One particular way to bring this kind of deep purpose into Jewish education is by helping teenagers understand that studying Jewish texts can, in the words of Talmud scholar Sarra Lev, “deepen [them] in multiple ways: as individuals, in their relationships with others, and in their relationship with the material itself.” This type of reading text impacts the ways learners see themselves, others, and Jewish tradition. It helps them grapple with ancient ideas that are often challenging and archaic, but still relevant and impactful. Deepening their relationship with Jewish ideas opens up possibilities for a sense of meaning and purpose that will continue emerging throughout their lives.
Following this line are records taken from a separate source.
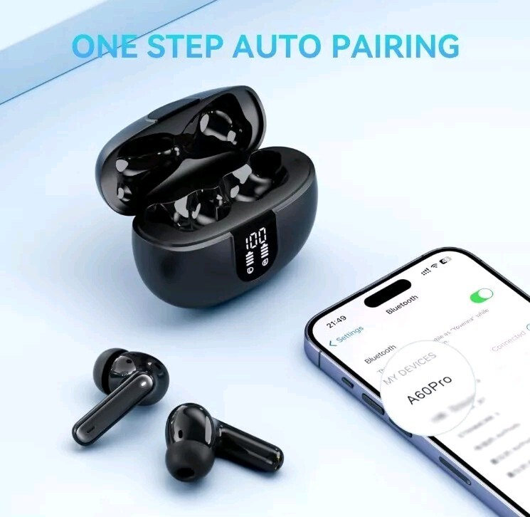 Sealed from factory. Experience high-quality wireless audio with these Bluetooth 5.3 headphones. With a playtime of up to 40 hours, you can enjoy your favorite tunes all day long. The deep bass stereo sound is perfect for music lovers who appreciate a good bass line. These earbuds are designed for comfort and come in a sleek black color. They are compatible with any Bluetooth-enabled device and have a built-in microphone for hands-free calling. With a unit quantity of 2, you can share your music with a friend. Get these A60Pro earbuds today and elevate your audio experience.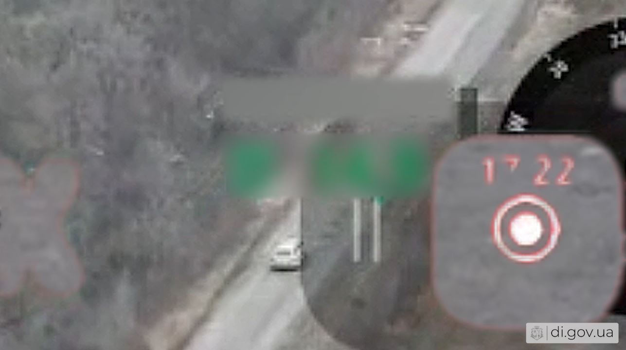Украинский разведывательный беспилотник, следящий за оперативной ситуацией, зафиксировал как россияне в очередной раз пытаются поразить гражданское авто, которое ехало по трассе Дергачи – Казачья Лопань.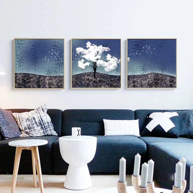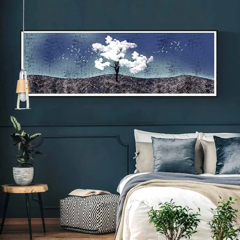 Tranh cây khô trừu tượng với những tán lá là đám mây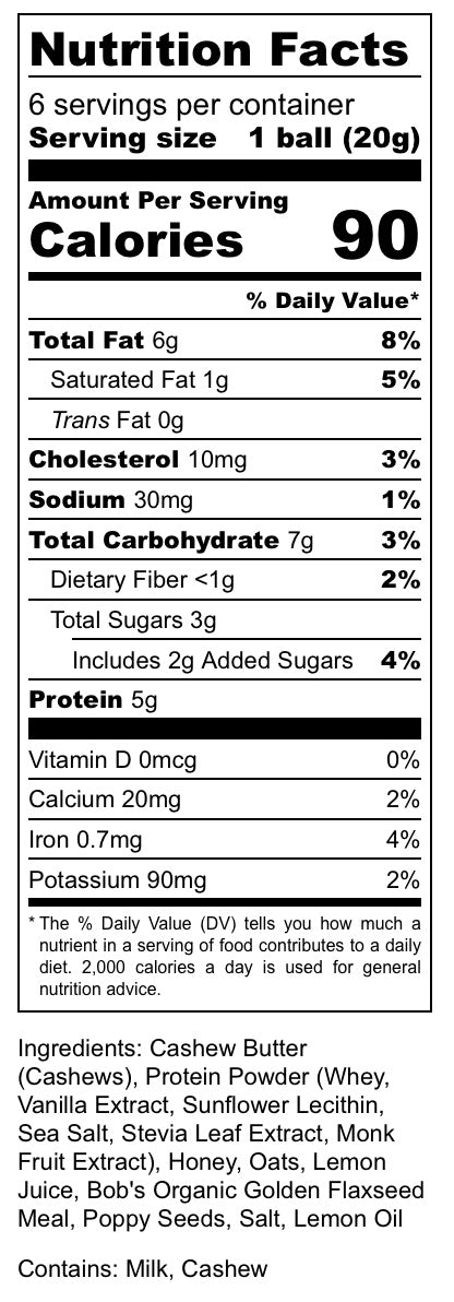 Our Lemon Kiss Bites are crafted with creamy cashew butter, whole oats, golden honey, and a hint of lemon, then finished off with a sprinkle of poppy seeds for that nostalgic bakery-inspired flavor. Minus the guilt.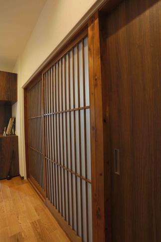 奥さまがデザイン・色にこだわってオーダーメイドされた障子と引戸。既存の柱とも色があって和モダンな雰囲気になりました。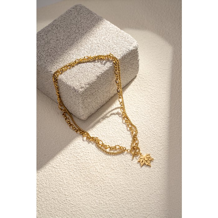 Collier Double Rang Dorée Feuille en Acier Inoxydable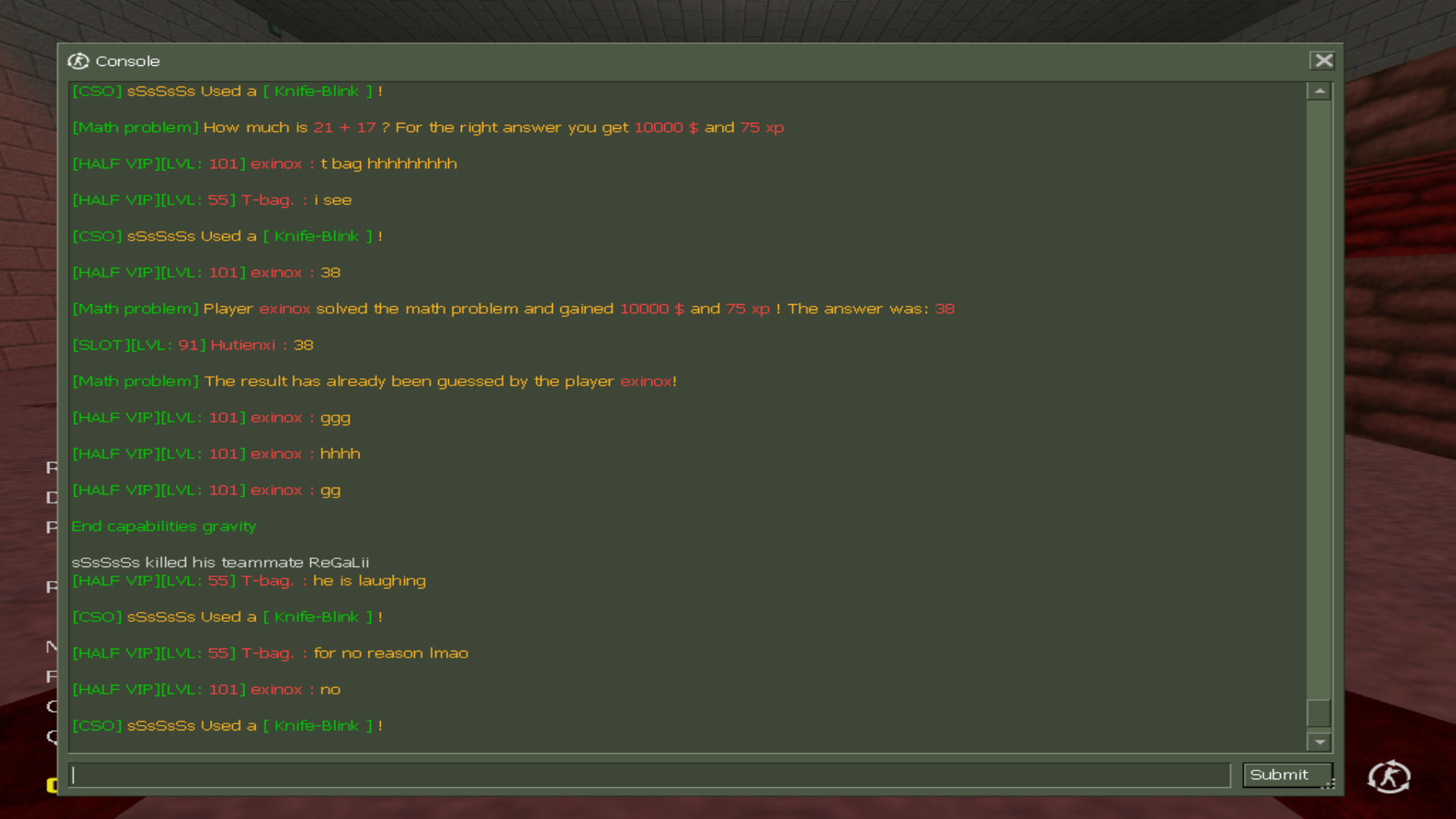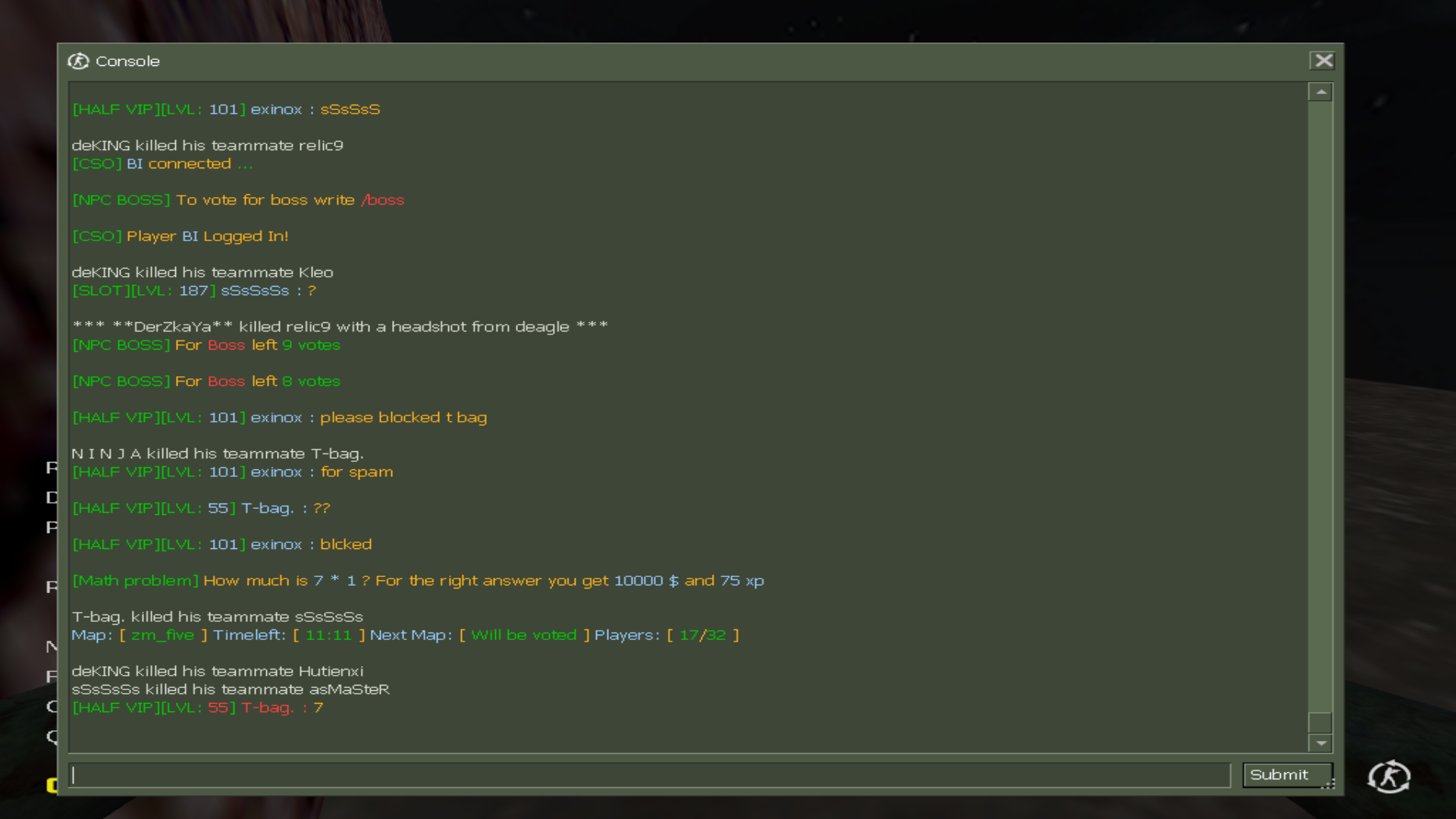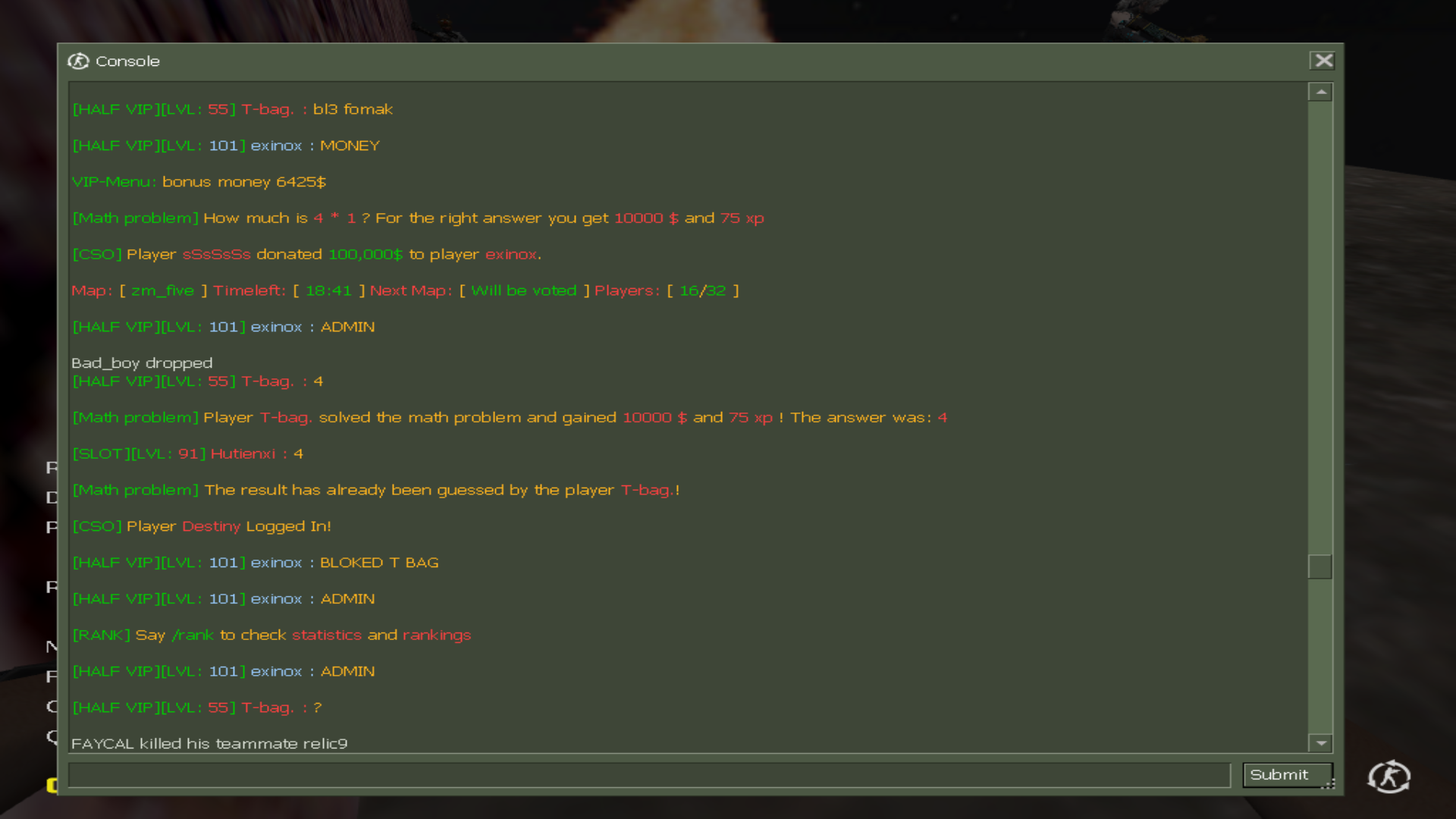 - Reason of complaint: Immature behavior in general, disrespectful towards others and wouldnt stop spamming in chat begging money or calling admin to deal with players he doesnt like. I tried telling him to stop multiple times him but he just wont listen. So i filed a report

The teenage years are when identity formation begins in earnest, and it is during this vital time that the process of individuation comes to the fore. As we noted above, the BeWell study found that Jewish teenagers need more contexts where they can express themselves and engage in challenging conversations. Equipping high school students with new ideas, difficult questions, and the confidence to articulate themselves, not only connects their identity formation to the important work of individuation but also binds them more tightly to a mission larger than themselves. Such teens will feel excited and empowered to share a meaningful Jewish text or profound spiritual experience with friends and family. Their Jewish “purpose” then becomes not about how many Israel myths they bust or how many hangouts they organize for other Jewish teens, but instead, about the ways they can be transformed by entering and contributing to a conversation that has been going on for thousands of years.